Currently, clang does not resolve certain overloaded functions correctly in the initializer of global variables, e.g. template<typename T1, typename U> T1 mypow(T1, U); __attribute__((device)) double mypow(double, int); double t_extent = mypow(1.0, 2); In the above example, mypow is supposed to resolve to the host version but clang resolves it to the device version instead, and emits an error (https://godbolt.org/z/17xxzaa67).
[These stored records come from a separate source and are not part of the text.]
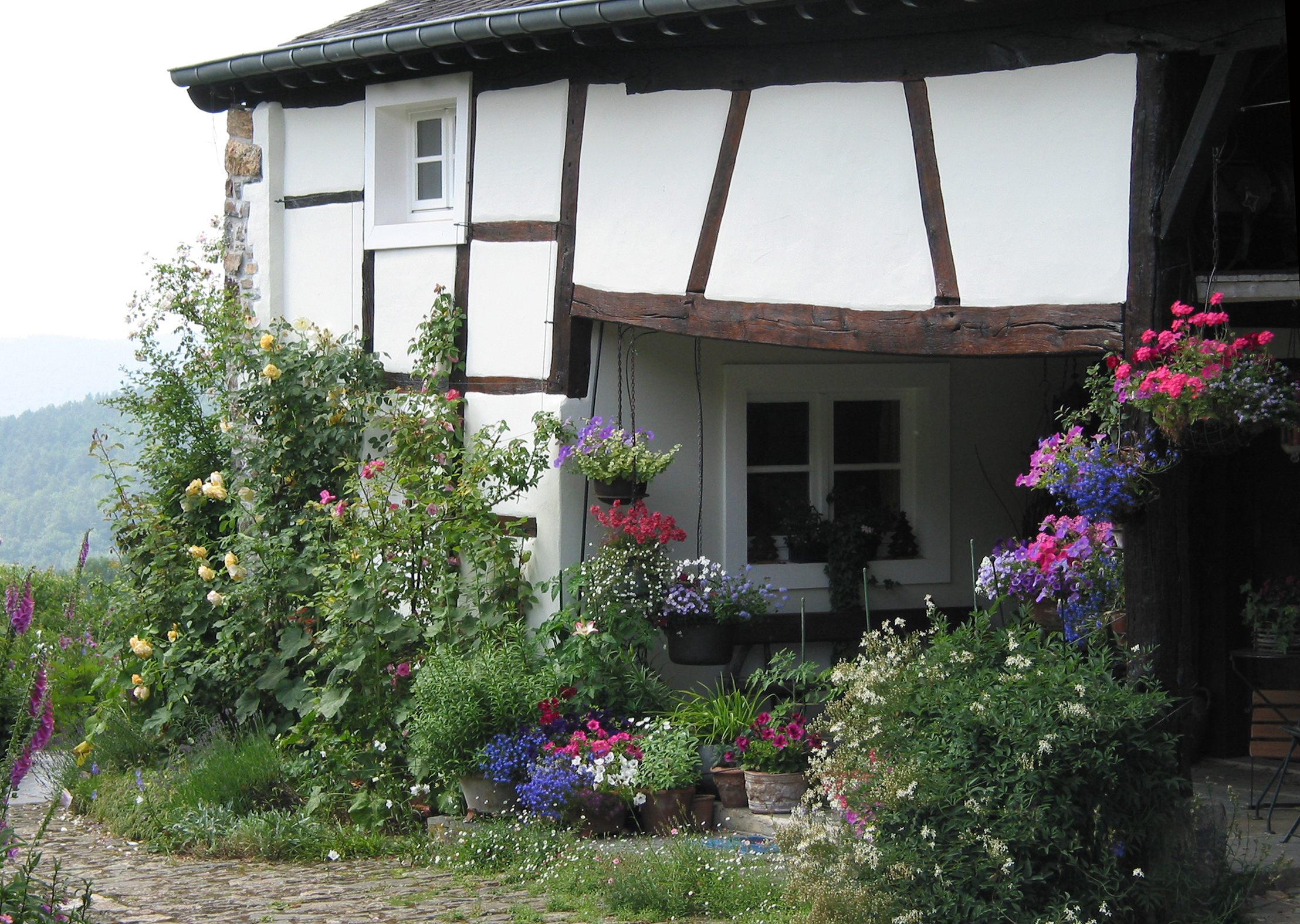 Stoumont (Belgique), timber framing house.
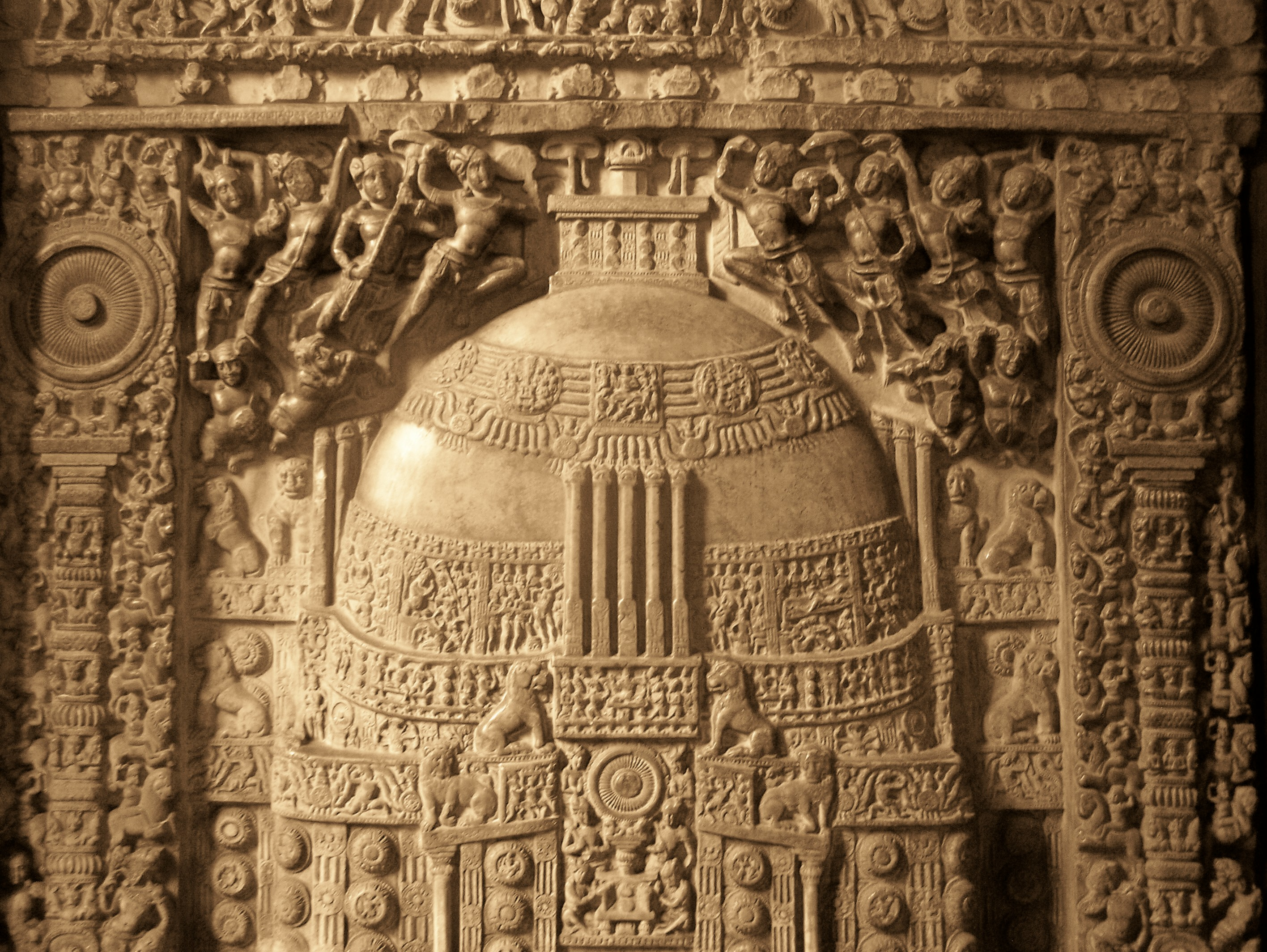 Amaravati Maha Stupa relief at Museum in Chennai, India
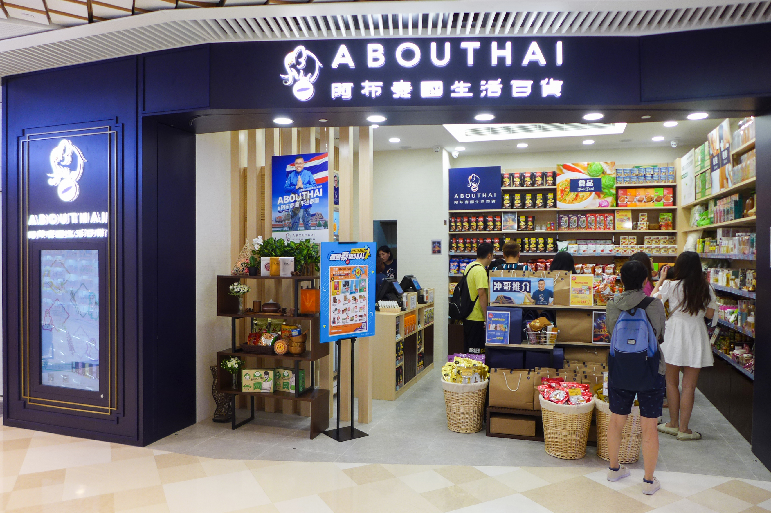 Abouthai in Vwalk
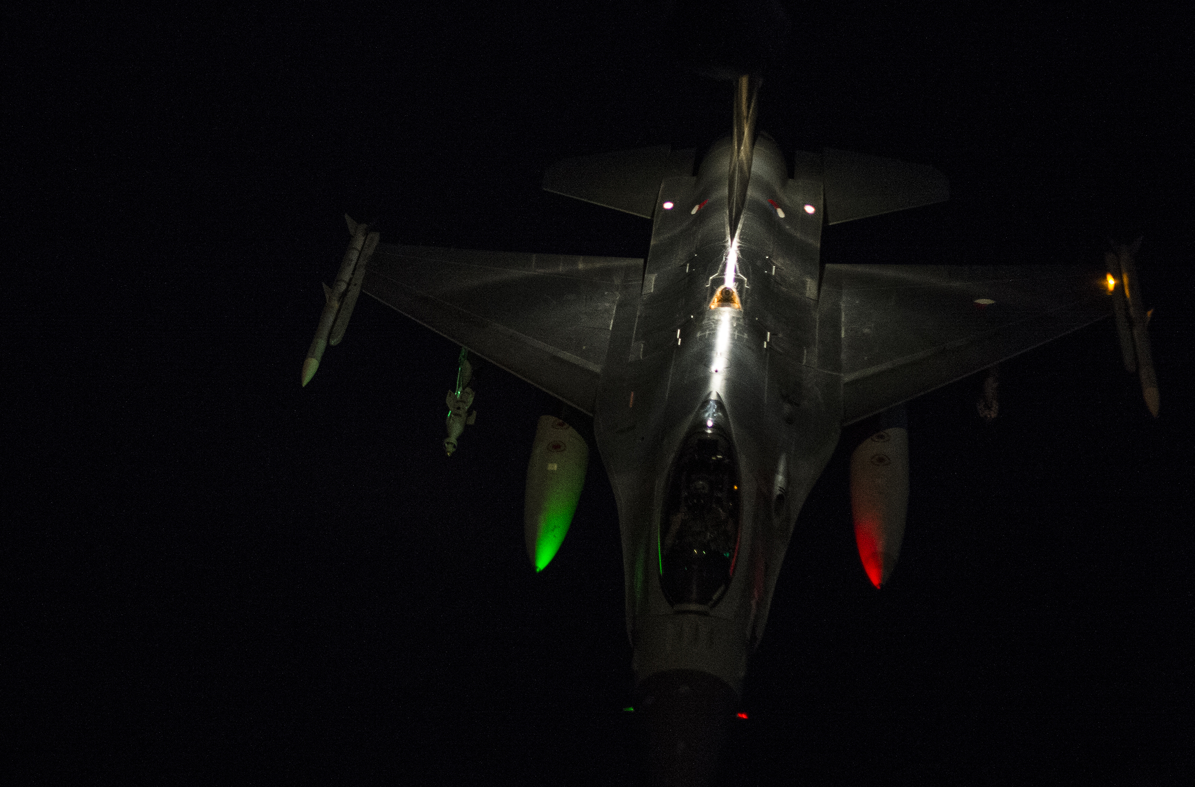 A Royal Netherlands Air Force F-16 Fighting Falcon receives fuel from a U.S. Air Force KC-135 Stratotanker assigned to the 340th Expeditionary Air Refueling Squadron, March 10, 2015, over Iraq. The F-16 will strike Da'esh targets in support Operation Inherent Resolve. (U.S. Air Force photo by Staff Sgt. Perry Aston/RELEASED)
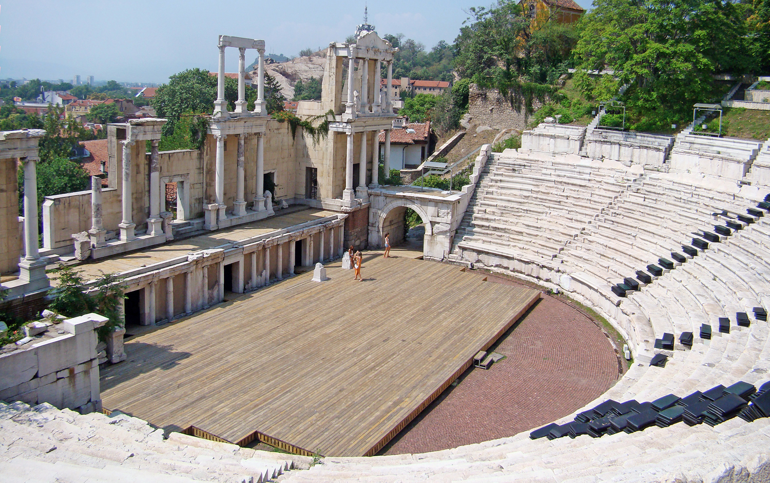 The Antiquie Theater of Plovdiv, Булгариа

However, if the variable is assigned in a host function, there is no error. The discrepancy in overloading resolution inside and outside of a function is due to clang not accounting for the host/device target when resolving functions called in the initializer of a global variable. This patch introduces a global host/device target context for CUDA/HIP for functions called outside of functions. For global variable initialization, it is determined by the host/device attribute of the variable. For other situations, a default value of host_device is sufficient. Reviewed by: Artem Belevich Differential Revision: https://reviews.llvm.org/D158247 Fixes: SWDEV-416731
author: Yaxun (Sam) Liu <yaxun.liu@amd.com> 2023-08-29 09:49:15 -0400
committer: Yaxun (Sam) Liu <yaxun.liu@amd.com> 2023-08-29 10:17:24 -0400
commit: de0df639724b10001ea9a74539381ea494296be9 (patch)
tree: 4936f2f9cd2b4deb85f2bef48b255e6b94512543 /clang/lib/Sema/SemaCUDA.cpp
parent: 1c5fd1534cfd95fb4ce6356aa7719c7dbe37bee9 (diff)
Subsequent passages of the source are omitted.